After the work was done, my brother and dad just moved back in again, and I was left paying the loan.

Fortunately, I was able to transfer the remaining portion of the loan to a reverse mortgage and get it paid off.

I continued to try to help my dad, but finally received a demand letter from a lawyer accusing me of stealing the $40,000 that I had borrowed, every penny of which had gone into his house. 

Being accused of stealing was the most painful thing I had ever experienced.

I shut them off. No contact whatsoever. It was hard but it was the best choice of the bad options available.

It took me at least a year to resolve my feelings and realize that I was better off.

Then, when my brothers paranoia and my dad's dementia got bad enough, I got a phone call from the state that I needed to come get my dad out of the house.

I could have said no at that point, and I don't think anyone that knew the situation would have blamed me.

I got my dad into a couple of assisted living facilities for the last 2 years of his life. By then I had no real feelings for him anymore, but I did it because I felt that it was the right thing to do.

My dad's been dead for a year, and he's been out of that house for three years. The bank never followed up on the reverse mortgage, so my brother's just squatting in the house. No plumbing (I had two septic tanks replaced, he parked cars on both of them), no water, no electricity.

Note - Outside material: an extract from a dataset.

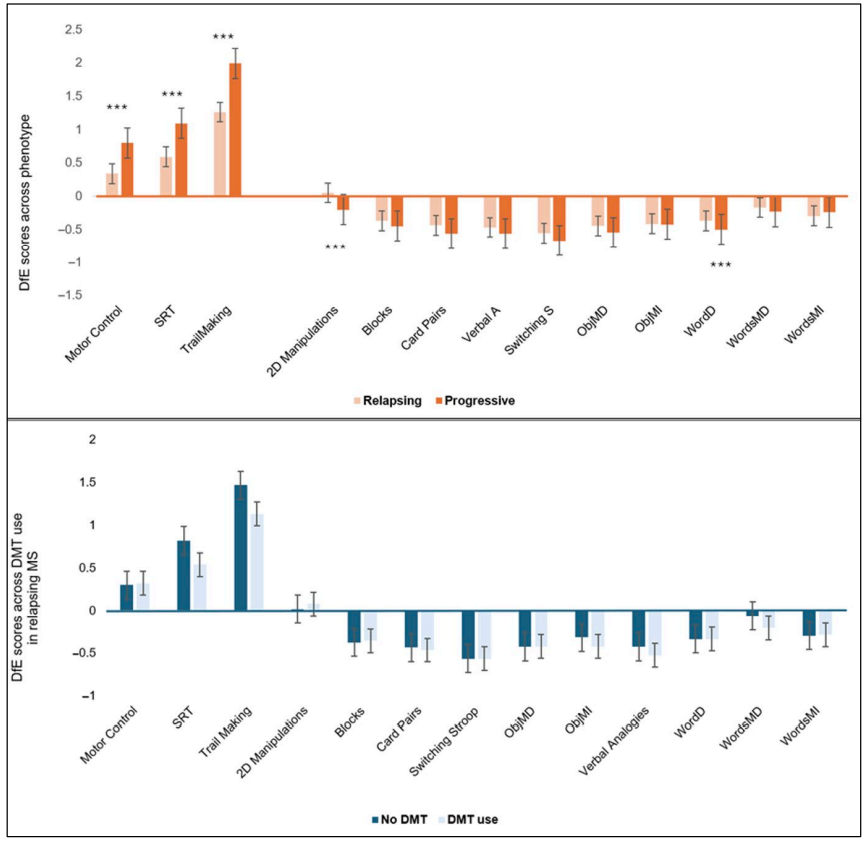 图:MS不同表型以及复发型MS中DMT对认知功能的影响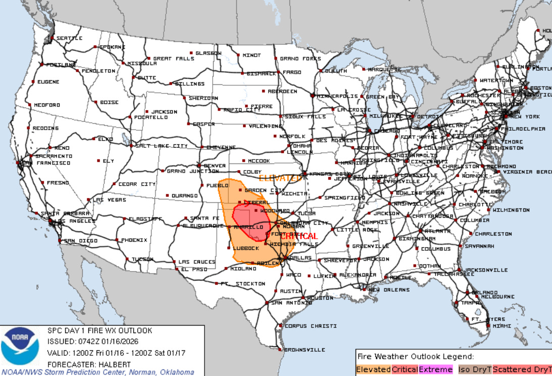 Strong northwest winds, dry air and ongoing drought will result in critical wildfire danger today across parts of the central and southern Plains.

We have no contact. That's never going to change. 

My wife and I had our 25th wedding anniversary this year. We've never had a fight. 

Fire drama.

Don49 (Forum Supporter)
Don49 (Forum Supporter) Dork
8/5/20 9:50 p.m.

Tony,

Congratulations! A significant 1st step. Just because you are related to someone doesn't mean you have to be subjected to poor treatment or demands that are contrary to your best interest. You've gotten lots of good advice in this thread. It won't always be easy to deal with this situation. Know when to just walk away and don't feel guilty for putting yourself and your wife first. Life is too short to let toxic people/relationships burden you. I'm rooting for you!!

Tony Sestito said:

In reply to alfadriver (Forum Supporter) :

Oh he knows. I've discussed this with him countless times and he wants to do something but never pulls the trigger. I've watched the man cry over this a number of times. It's heartbreaking and infuriating. 

In another note, I just got off the phone with him. I stood my ground, and guess what? They caved. Original plan is on, sister or no sister. 

Shocked. I am SHOCKED. 

That said, in the future, I am not messing around. My wife and I set the rules of engagement, and we will do what we feel is comfortable for us. Not letting anyone dictate my life at 38 years old. Done with that crap!

 

Good for you, Tony! Keep it going. Set your course and stay on it!

Glad you're taking charge. 

I'll second the recommendation for reading the advice column by Carolyn Hax. Washington Post.

Tony Sestito
Tony Sestito PowerDork
8/6/20 8:53 a.m.

After talking with the wife last night, she is happy with how I handled things this week. She isn't really mad AT me, more like she's mad FOR me, if that makes any sense. She doesn't like to see me get pushed around by them, and standing up for myself is the right thing to do.

Hopefully things go well when we go over there this time. It usually does when the most toxic element is not present.

03Panther
03Panther HalfDork
8/6/20 8:55 a.m.

Makes perfect sense. My wife is the same. 

From the first post we could tell ... you got this!!!